====== DATA EXTRACT ======

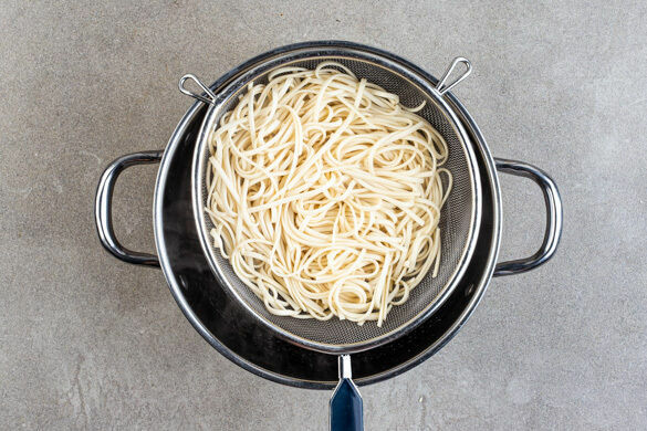 Die Nudeln in das kochende Wasser geben und in 4–6Min. bissfest kochen. In ein Sieb abgießen und kalt abschrecken.
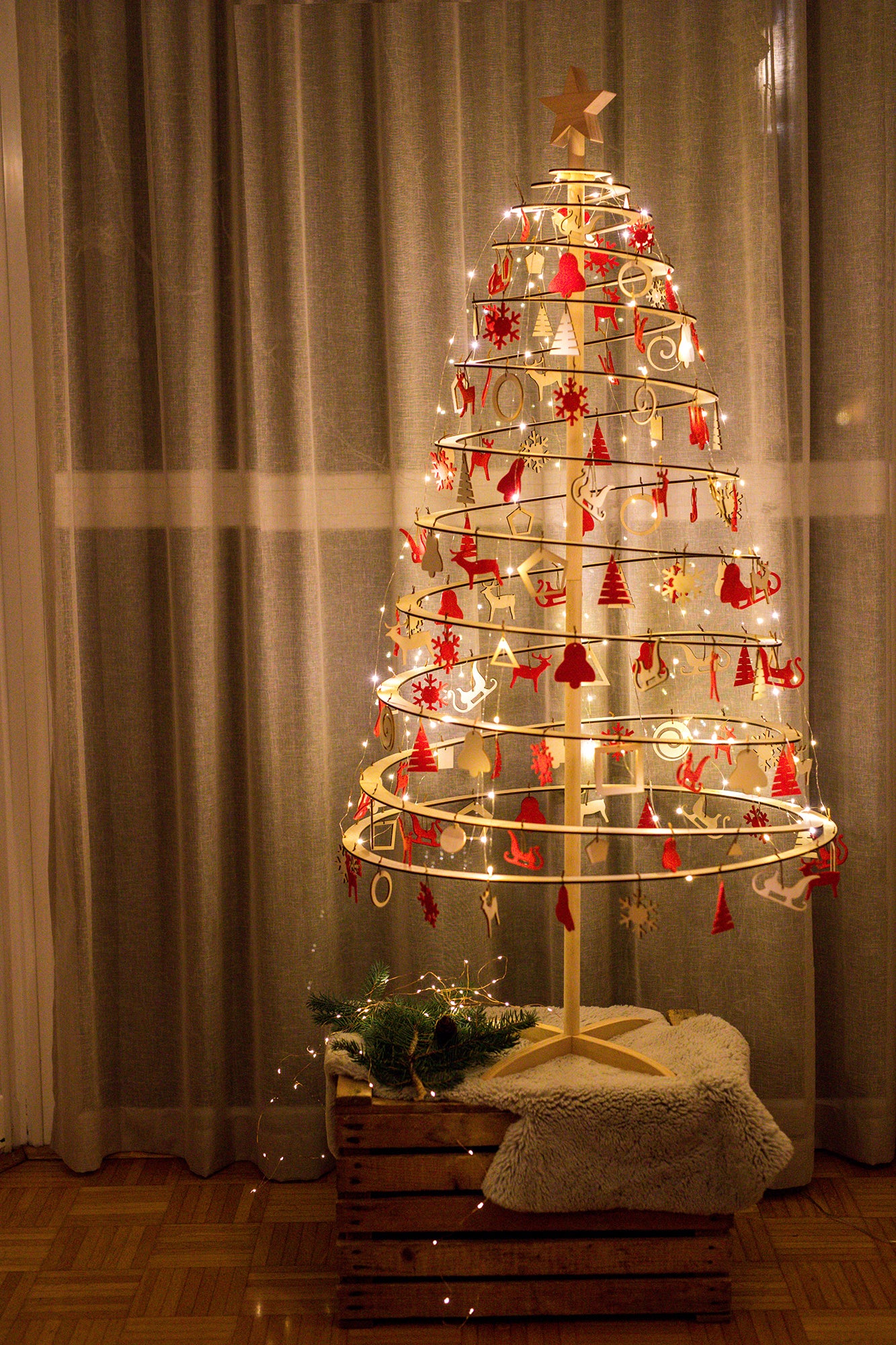 El árbol de Navidad ecológico de madera Spira está hecho para todos los que aprecian la calidez de la naturaleza y su aspecto elegante. El diseño innovador garantiza que puedas montarlo en poco tiempo y guardarlo fácilmente en una pequeña caja después de su uso.
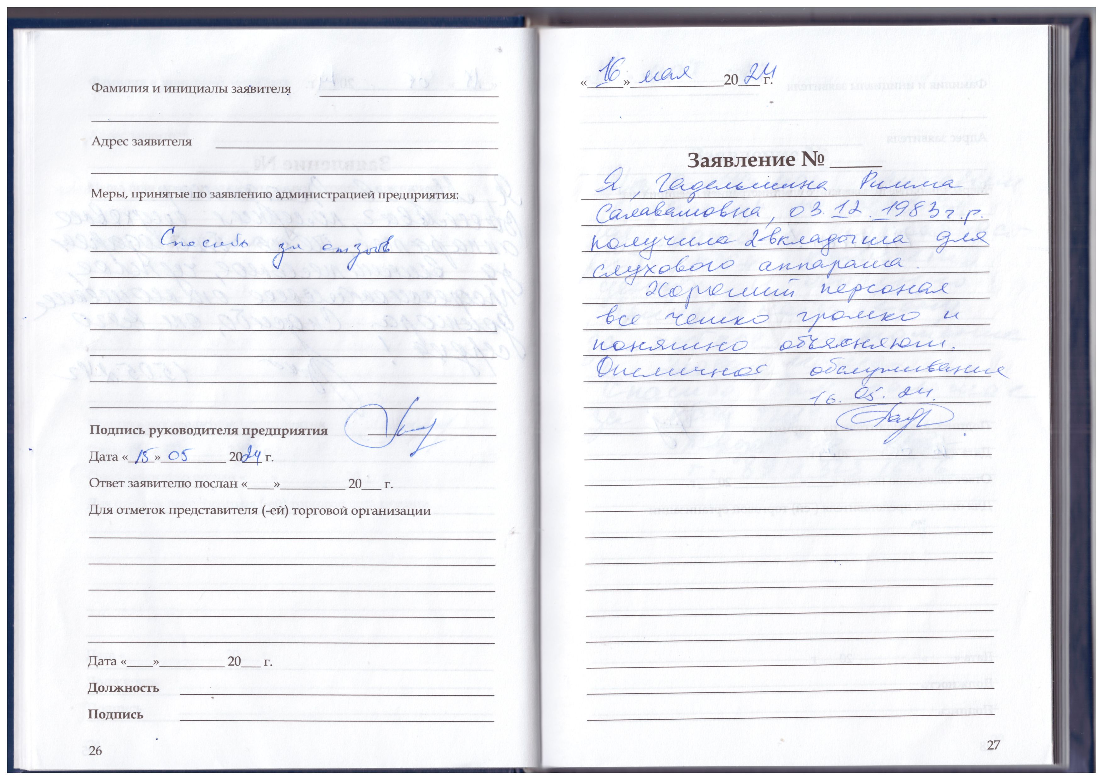 Я, Гадельшина Римма Саловатовна, 03.12.1983 получила вкладыши для слухового аппарата.
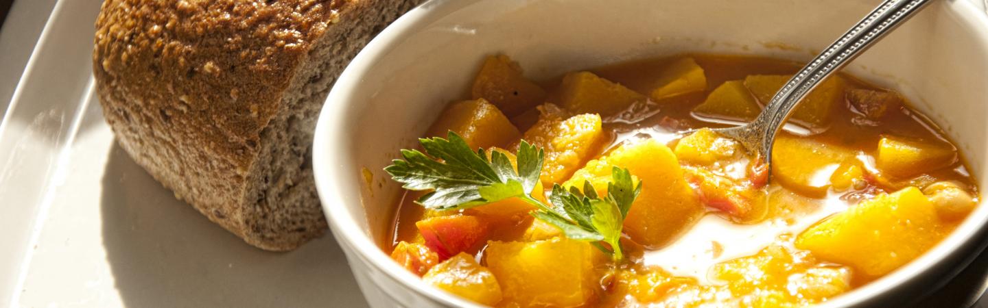 This soup, from Omega’s executive chef Robert Turner, is a great fall and winter dish and is good for a dinner party or lunches during the week. Be careful peeling and cutting up the squash—a sharp vegetable peeler and a sharp, strong knife or cleaver will help. If you don’t have the time or inclination to cut up your own squash, many stores offer pre-cut squash in the produce department. Canned beans are also a shortcut for this recipe.

======

#### EXERCISE REQUIREMENTS:
Leave out the pictures, then repeat the listing above exactly from its first line to the line with "Я, Гадельшина Римма", inclusive.

#### RESULT BELOW:
 Die Nudeln in das kochende Wasser geben und in 4–6Min. bissfest kochen. In ein Sieb abgießen und kalt abschrecken.
 El árbol de Navidad ecológico de madera Spira está hecho para todos los que aprecian la calidez de la naturaleza y su aspecto elegante. El diseño innovador garantiza que puedas montarlo en poco tiempo y guardarlo fácilmente en una pequeña caja después de su uso.
 Я, Гадельшина Римма Саловатовна, 03.12.1983 получила вкладыши для слухового аппарата.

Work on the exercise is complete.